You can add as many remote servers as you like in the config file; just follow the naming pattern.
## Why
This can combine multiple servers into one view, which makes it more practical to use a terminal-based monitor when you have more than a couple of servers, or when you don't want to dedicate an entire wide-screen monitor to a bunch of gotop instances. It's simple to set up, configure, and run, and reasonably resource efficient.
## How
Since v3.5.2, gotop's been able to export its sensor data as [Prometheus](https://prometheus.io/) metrics using the `--export` flag. Prometheus has the advantages of being simple to integrate into clients, and a nice on-demand design that depends on the *aggregator* pulling data from monitors, rather than the clients pushing data to a server. In essence, it inverts the client/server relationship for monitoring/aggregating servers and the things it's monitoring. In gotop's case, it means you can turn on `-x` and not have it impact your gotop instance at all, until you actively poll it. It puts the control on measurement frequency in a single place -- your local gotop. It means you can simply stop your local gotop instance (e.g., when you go to bed) and the demand on the servers you were monitoring drops to 0.
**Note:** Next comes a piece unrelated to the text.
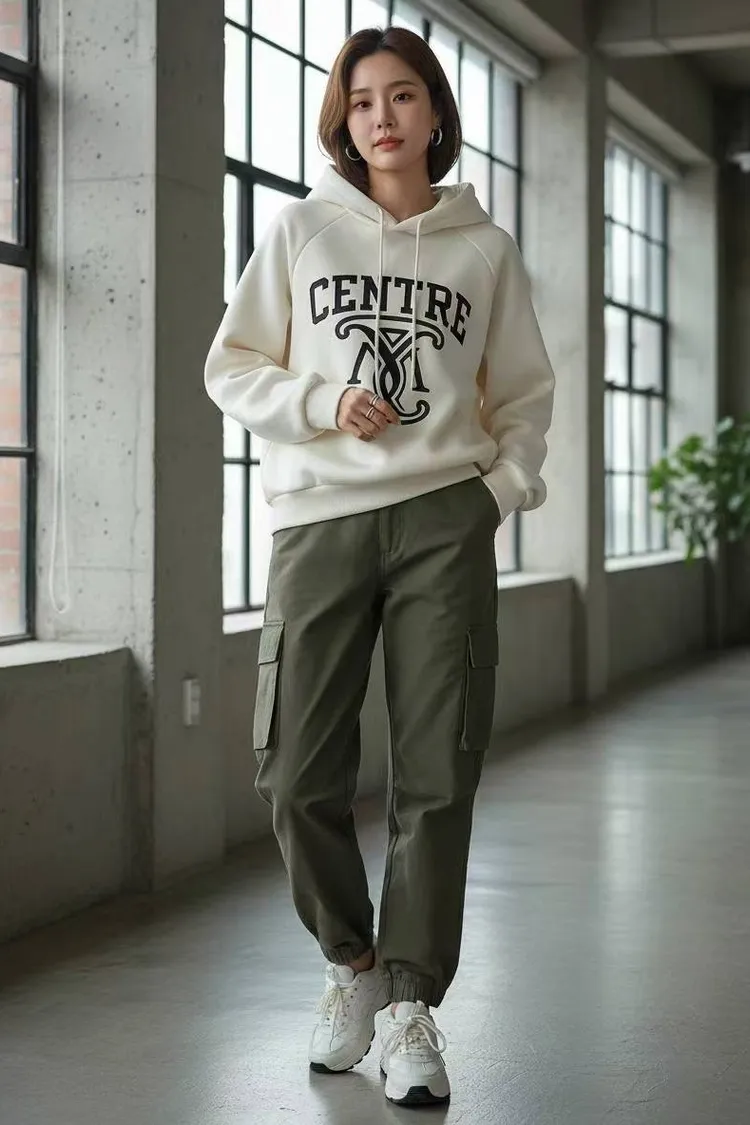 - 搭配寬褲或直筒牛仔褲,可以營造率性街頭風,配上白色球鞋就很有型。

On the client (local) side, sensors are abstracted as devices that are read by widgets, and we've simply implemented virtual devices that poll data from remote Prometheus instances. At a finer grain, there's a single process spawned for each remote server that periodically polls that server and collects the information. When the widget updates and asks the virtual device for data, the device consults the cached data and provides it as the measurement.
The next iteration will optimize the metrics transfer protocol; while it'll likely remain HTTP, optimizations may include HTTP/2.0 streams to reduce the HTTP connection overhead, and a binary payload format for the metrics -- although HTTP/2.0 compression may eliminate any benefit of doing that.